(Beginning of Records for the task)

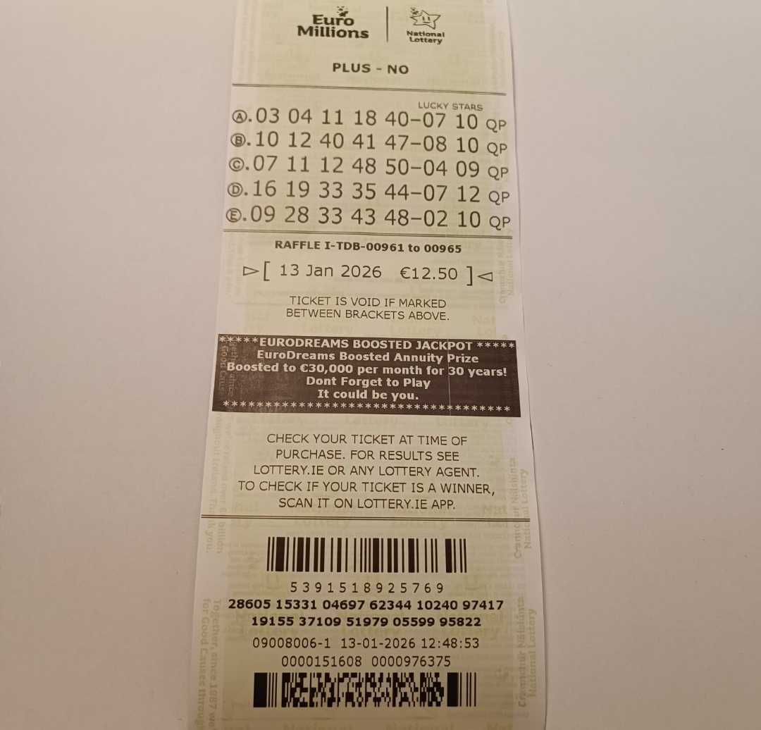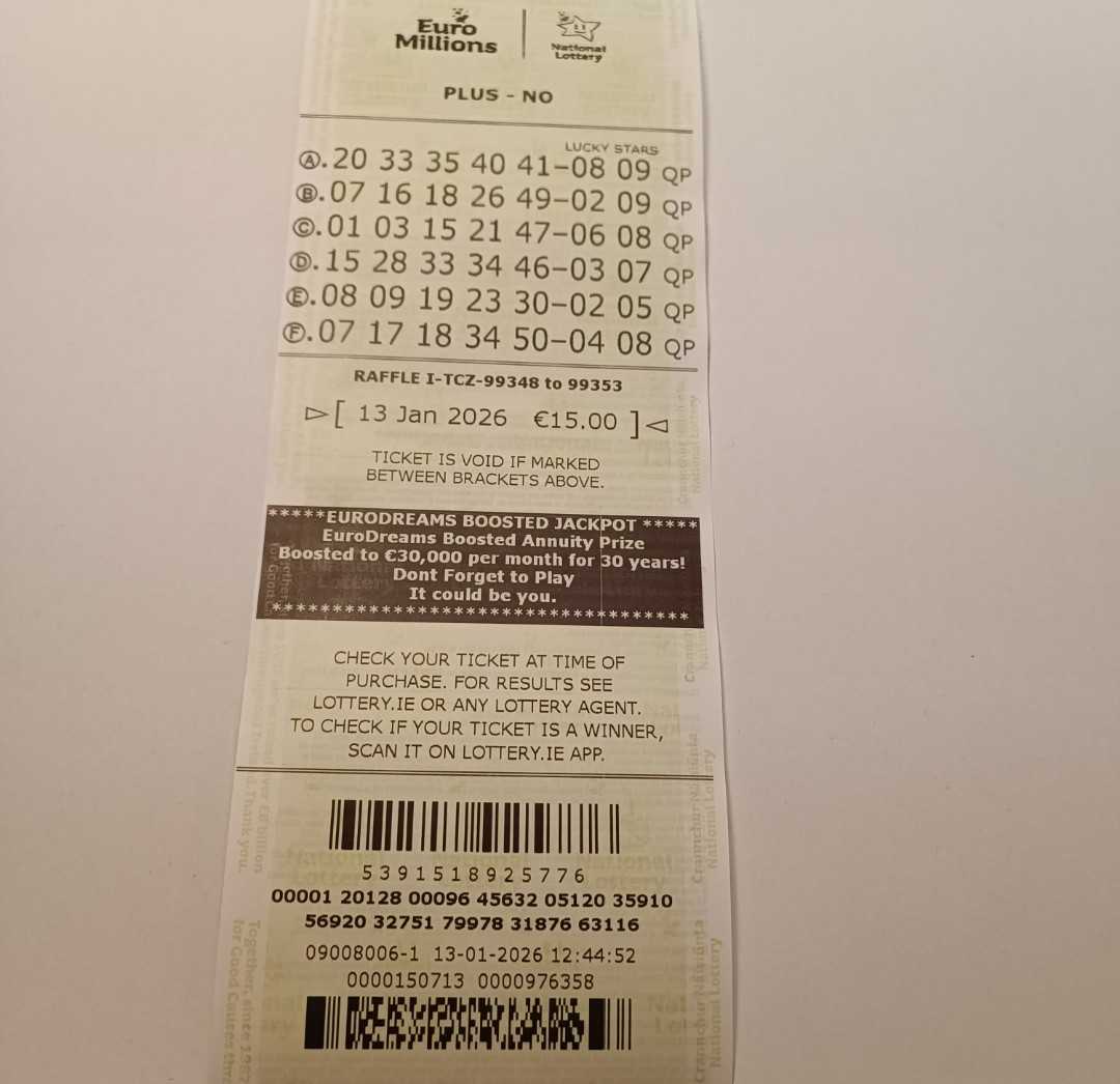 We play Euromillions every Tuesday. Please send me the money before Thursday as I need time to physically send the tickets to the shop. If you haven’t paid, you don’t play.
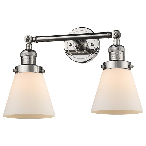 2 Light Adjustable Small Cone 16In. Polished Nickel Bathroom Fixture With Matte White Cased Glass
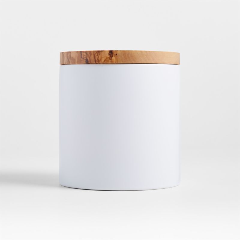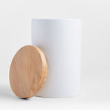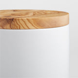 A round of exuberantly grained olivewood tops our sleek stoneware canister, contrasting warmly with the matte white glaze. Filled with sea salt, coffee beans or chickpea flour, the ceramic vessel seals tightly thanks to the silicone gasket. Complete the warm, minimalist look by pairing the small canister with the other essentials in our olivewood kitchen collection.
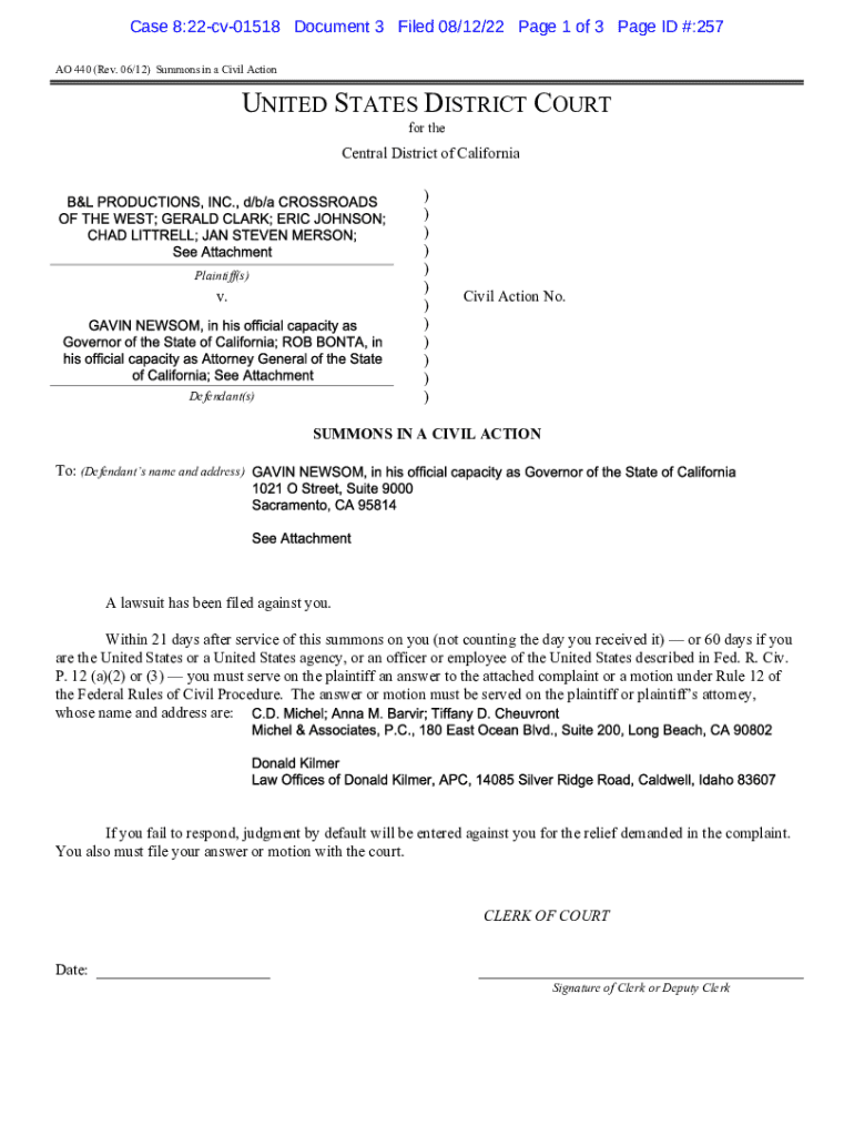 This document serves as a legal summons notifying the defendant of a lawsuit filed against them in the United States District Court for the Central District of California. It outlines the requirement
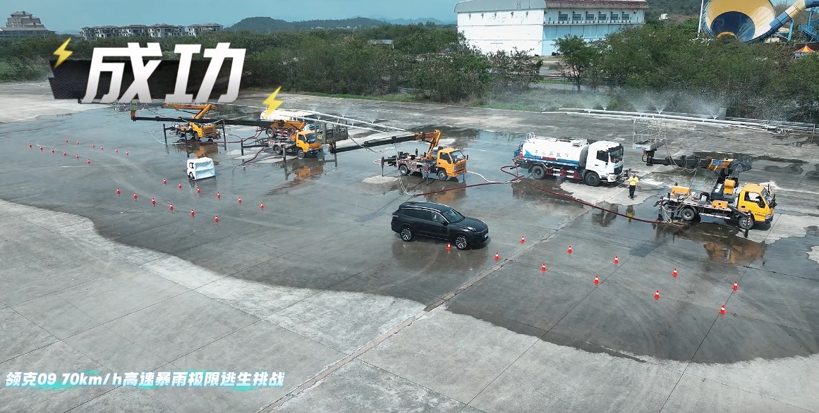 同时最近我还刷到了这样一个测试,暴雨麋鹿测试。在视频中能看到,领克09在暴雨地面非常湿滑的情况下,依然能够以70km/h的时速通过麋鹿测试,完成紧急避障,车身姿态依然很稳定。
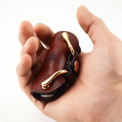 This compact key holder is designed from high quality vegetable tanned saddle leather that is hand dyed and edge burnished. The unique design of the key holder is comfortable for the palm of your hand but is small enough to fit into any pocket. The key holder holds up to 10 common household keys. The hardware used on this product consists of an industrial strength snap, rivet, and cast D ring. This all insures the product’s longevity. Handmade in the USA, from American leather.
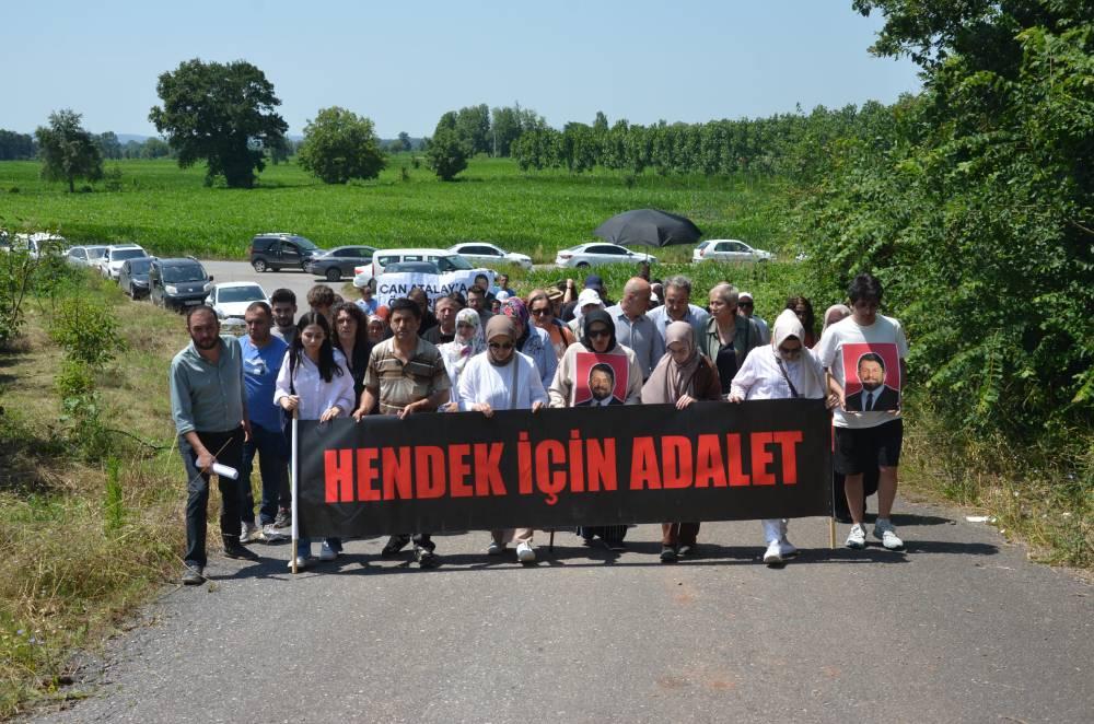‘Hendek için adalet’ pankartıyla yürüyen kederli aileler, hukuki süreçte en başından beri savunucuları olan ve şu anda vekil seçildiği halde hapishanede tutulan Av. Can Atalay’ın fotoğraflarını taşıdılar.
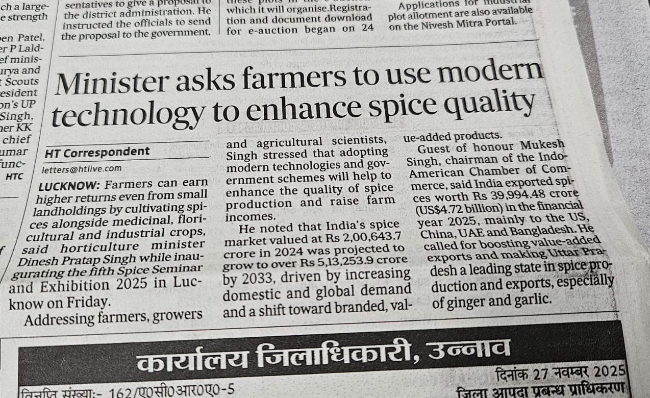 From established industry leaders and legacy spice manufacturers to ambitious emerging startups, Spices Expo 2025 brought together the finest players from across India’s vibrant spice ecosystem on one dynamic and influential platform. This landmark gathering served as a powerful reflection of the strength, diversity, and immense potential of the Indian spice industry, while also highlighting the evolving trends shaping its future. Notably, the expo reinforced Uttar Pradesh’s growing prominence as a key contributor to the national spice economy, emerging as a hub for innovation, trade, and scalable MSME-led growth.
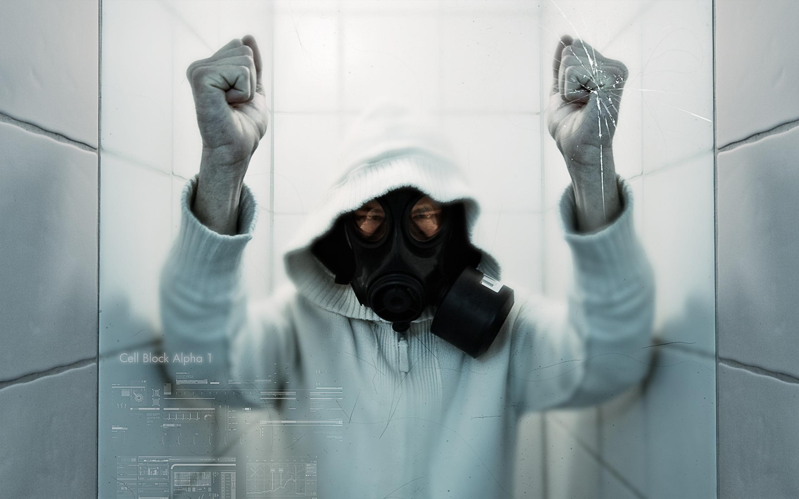 Wallpaper The masked man locked behind glass
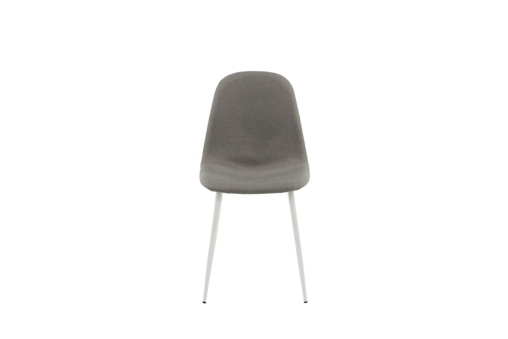 Upptäck den eleganta Venture Home Polar Stol - en perfekt kombination av modern design och komfort. Denna stilrena stol har en helklädd design med en lätt rundad rygg och sits, klädd i grått polyestertyg som ger ett mjukt och inbjudande intryck. Stolen vilar på robusta ben i vit pulverlackerad metall, vilket skapar en fräsch och tidlös look.
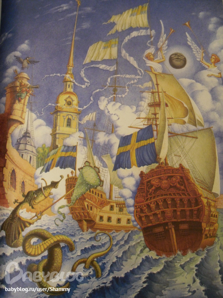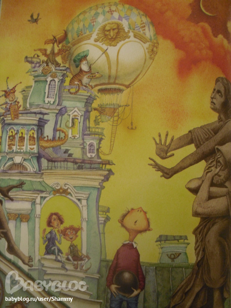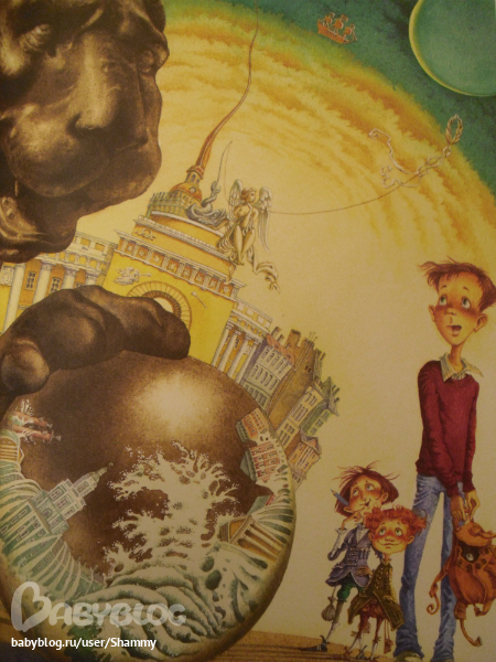 Покажу вам быстренько иллюстрации и расскажу сюжет. Как-то ночью одна из пушек Петропавловской крепости решила вспомнить моолодость. Взяла иииии как бабахнула! Ядро попало в Эрмитаж, а там... Мальчик Федя знакомится с двумя эрмитами (жителями Эрмитажа, которые заботятся о исторических ценностях и достопримечательностях Питера). Вместе с ними он пытается выяснить, что за круглая штуковина закатилась в Эрмитаж. Путешествую от одной питерской достопримечательности к другой и пытаясь везде это ядро пристроить, Федя знакомится не только с семейством эрмитов, но и с историей города. В пути их подстеригает змей, который пытается ядро отобрать... Хорошая сказка на фоне прекрасного города. Лично я люблю Питер и после прочтения книги взглянула на него с другой стороны - сказочной, волшебной... Я думаю, плюс этой книги еще в том, что можно подготовить ребенка к путешествию и к экскурссиям. Сказать - пойдем в гости к эрмитам!)))

(End of Records for the task)

Problem to solve: Write out exactly the run of lines above that starts at the line containing "From established industry" and ends at the line containing "Upptäck den eleganta". Include both, and leave the pictures out.

Final answer:
 From established industry leaders and legacy spice manufacturers to ambitious emerging startups, Spices Expo 2025 brought together the finest players from across India’s vibrant spice ecosystem on one dynamic and influential platform. This landmark gathering served as a powerful reflection of the strength, diversity, and immense potential of the Indian spice industry, while also highlighting the evolving trends shaping its future. Notably, the expo reinforced Uttar Pradesh’s growing prominence as a key contributor to the national spice economy, emerging as a hub for innovation, trade, and scalable MSME-led growth.
 Wallpaper The masked man locked behind glass
 Upptäck den eleganta Venture Home Polar Stol - en perfekt kombination av modern design och komfort. Denna stilrena stol har en helklädd design med en lätt rundad rygg och sits, klädd i grått polyestertyg som ger ett mjukt och inbjudande intryck. Stolen vilar på robusta ben i vit pulverlackerad metall, vilket skapar en fräsch och tidlös look.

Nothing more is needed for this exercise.